Durban - Former Lotus FM jock Ravi Govender says his axing over social media comments about the president was not warranted and the matter had been blown out of proportion.
“I don’t know what I’m going to do. I’m trying to see what options there are, but if I did get my job back I would be harassed and under scrutiny all the time, and that’s not how I’d like to work,” he said.
Known to fans as Ravi G, Govender said he was asked on Monday to explain why he believed his Facebook post referring to President Jacob Zuma as an “uneducated creature” and a zombie did not bring the SABC into disrepute.

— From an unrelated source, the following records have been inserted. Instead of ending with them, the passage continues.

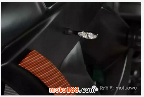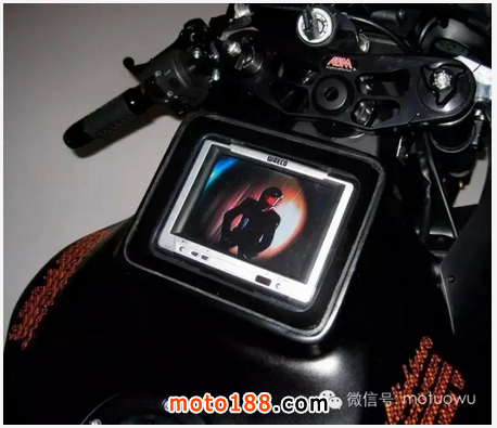 加滿油才195公斤,理想條件下最高車速能超過320km/h。為此,PUIG的風擋還專門放在風洞里吹過,絕非路邊攤隨便揀來的。所謂理想條件包括把頭埋在風擋的后面,這個位置要看到后視鏡可是無比艱難,Warm Up于是在油箱上設了一片WAECO顯示器——用攝像頭取代后視鏡還能進一步降低風阻。類似的小心眼還包括Kellermann的Micro 1000 DF后燈組,不亮的時候幾乎注意不到它的存在。頭燈倒很容易引起注意,遠近光現在換成氙氣獨眼,下面還墊了一排LED日間燈,非常明亮。
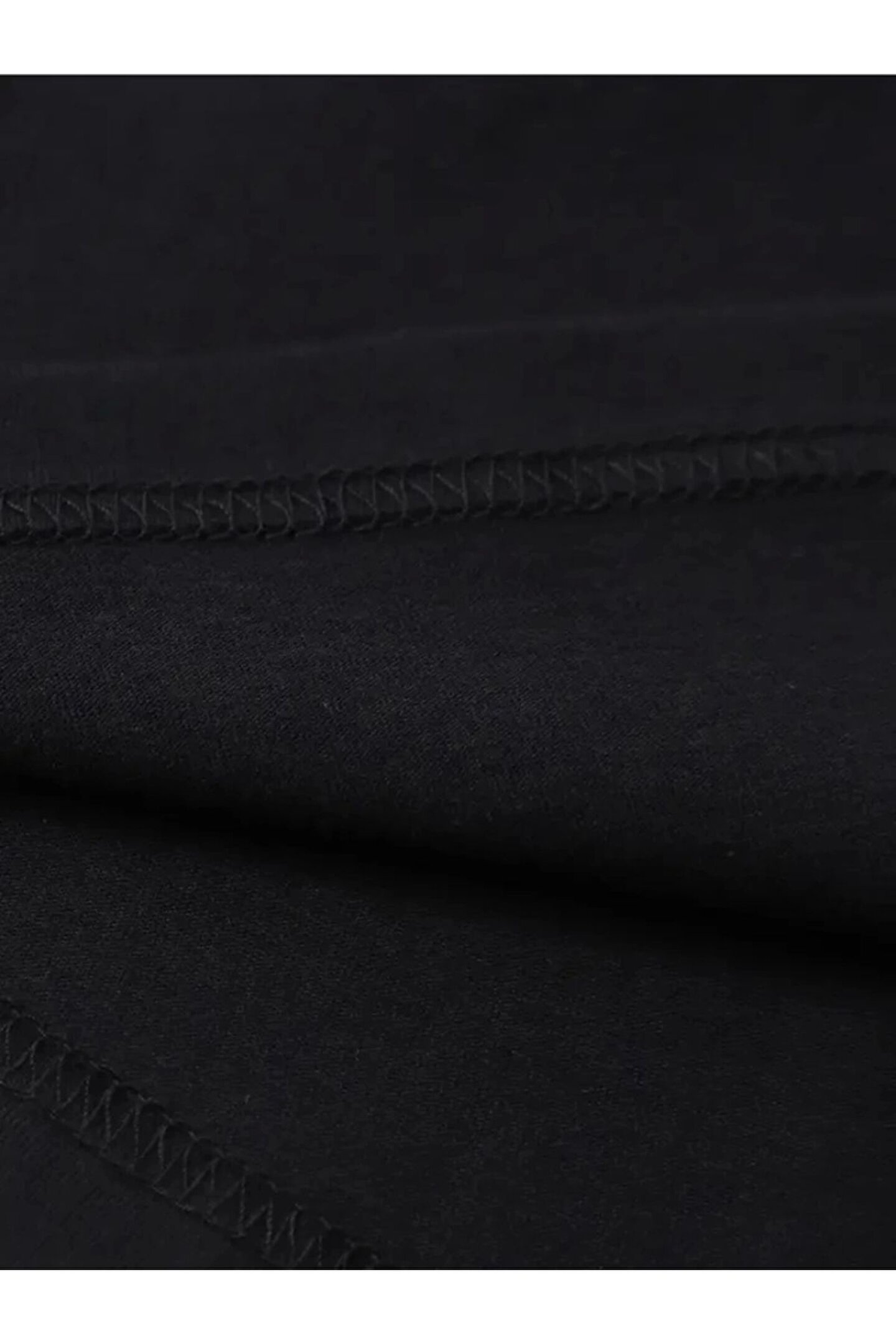 Baskılı Oversize Bisiklet Yaka T-shirt - Siyah
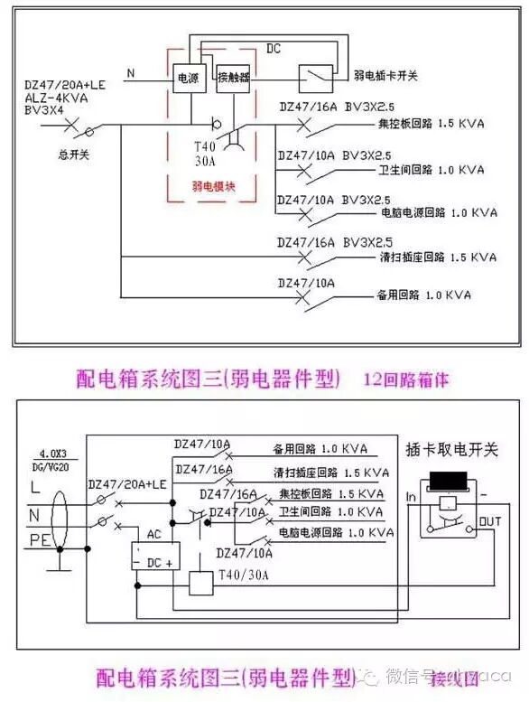 ●如果打算选择直流低压型插卡取电开关,订购配电箱时,必须向厂家提出提供DC低压电源模块,其成本比普通强电型约增加100元。同时还要落实低压型插卡取电开关的供应厂家(市场无该产品销售)。选择这种开关要向厂家提供需要的电压等级(取决于系统设计和与门铃,勿扰,微型接触器的电压配套),有DC5V,DC9V,DC12V,DC18V,DC24V的不同规格;还要提供输出的极性,(取决于配电箱内微型接触器的接线)有正输出(灌电流),负输出(拉电流)的区别。
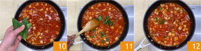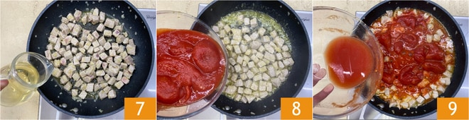 Neste ponto, aumente o fogo e flambe com o vinho branco 7. Uma vez evaporado, despeje os tomates pelados 8 e amasse-os com a colher, depois adicione um pouco de água, apenas o suficiente para enxaguar a tigela 9. Adicione também o extrato de tomate.

This was after Zuma’s son Edward released a statement and threatened legal action.
The post was replaced with an apology including - said Govender - a personal phone call to Edward to apologise.
“He said he didn’t want to hear from me and dropped the phone,” said Govender.
Govender also responded and apologised to each “threatening and vulgar” message in his inbox.
He was later informed that his year-on-year contract had been terminated.
“All of this happened in one day. One post changed the course of my life. Lotus FM was a sizeable chunk of income but what’s more important to me is my fans and the medium of radio, I’m going to miss that. I went 12 years without missing a single show. ”
Govender believes he was made an example of.
But SABC spokesperson Kaizer Kganyago said Govender’s contract was terminated with immediate effect because he had brought the broadcaster into disrepute, in contravention of his contract.
It also had nothing to do with the comments being about the president. “Whatever you do in the public space, you carry the platform (TV channel/ radio station) with you, so you must behave according to the contract agreed upon.” Kganyago said this was the first time the SABC had dealt decisively and with expediency with such matters.
Social media expert and director of the Durban University of Technology’s e-Skills CoLab, Dr Colin Thakur, said the instantaneous nature of social media was a blessing and a curse. “It’s a blessing because you can send out an idea, thought or emotion and get maximum reach, but the downside is that there is no scope for moderation or regretting.
“Once what you say is out there, it’s out there, and the more embarrassing and humiliating the post, the more it’s likely to be amplified,” he said.
Thakur warned that social media did not forget, and deleting and apologising - even if done mere minutes later - almost always came too late.